Department of Bioengineering and Therapeutic Sciences, University of California, San Francisco, California 94158, USA; email:
Center for Tuberculosis Research, Johns Hopkins University School of Medicine, Baltimore, Maryland 21231, USA.
Annu Rev Pharmacol Toxicol. 2021 Jan 6;61:495-516. doi: 10.1146/annurev-pharmtox-030920-011143. Epub 2020 Aug 17.
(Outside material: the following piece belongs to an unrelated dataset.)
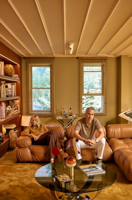 The sandy-hued tones, which hint at 1970s West Coast interiors, wash the dwelling with amber shades in furniture and carpeting. An Alexander Calder mobile rests on the coffee table, not so far from a ceramic sculpture by their close friend and collaborator José Parlá.
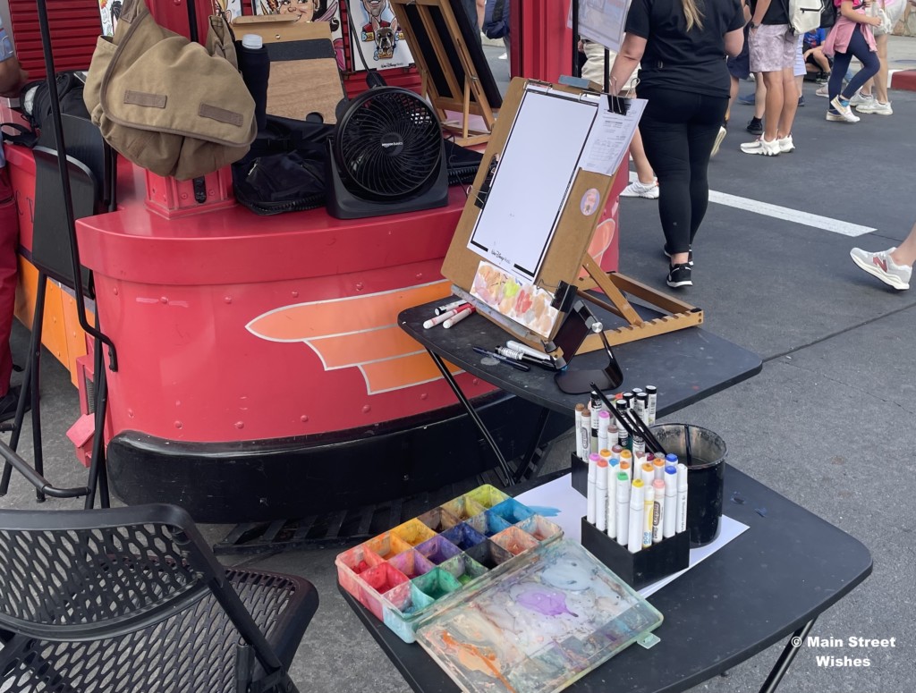 I lucked out and there was no line when I decided to get the drawings done. Most of the time people will sit for the drawings, but this was a surprise and my kids were not with me, so I was told they can do the drawings by looking at pictures. So if you are getting the caricatures for someone else, they will ask you for a couple of pictures to give the artist a good idea of what the person looks like. The best way to do it is to pick pictures that show their full face and full length of the hair.

Tuberculosis (TB) kills more people than any other infectious disease. Challenges for developing better treatments include the complex pathology due to within-host immune dynamics, interpatient variability in disease severity and drug pharmacokinetics-pharmacodynamics (PK-PD), and the growing emergence of resistance. Model-informed drug development using quantitative and translational pharmacology has become increasingly recognized as a method capable of drug prioritization and regimen optimization to efficiently progress compounds through TB drug development phases. In this review, we examine translational models and tools, including plasma PK scaling, site-of-disease lesion PK, host-immune and bacteria interplay, combination PK-PD models of multidrug regimens, resistance formation, and integration of data across nonclinical and clinical phases.We propose a workflow that integrates these tools with computational platforms to identify drug combinations that have the potential to accelerate sterilization, reduce relapse rates, and limit the emergence of resistance.
结核病 (TB) 是导致人类死亡的头号传染病。在开发更好的治疗方法上面临诸多挑战,包括宿主内免疫动态导致的复杂病理学、疾病严重程度和药物药代动力学-药效学 (PK-PD) 在患者间的差异,以及耐药性的不断出现。使用定量和转化药理学的模型指导药物研发已越来越被视为一种能够对药物进行优先级排序和方案优化的方法,可有效推进化合物通过结核病药物研发各阶段。在本文综述中,我们研究了转化模型和工具,包括血浆 PK 比例缩放、病变部位 PK、宿主免疫和细菌相互作用、多药联合 PK-PD 模型、耐药形成以及非临床和临床阶段数据的整合。我们提出了一个工作流程,将这些工具与计算平台集成,以识别具有潜在潜力的药物组合,从而加速杀菌、降低复发率并限制耐药性的出现。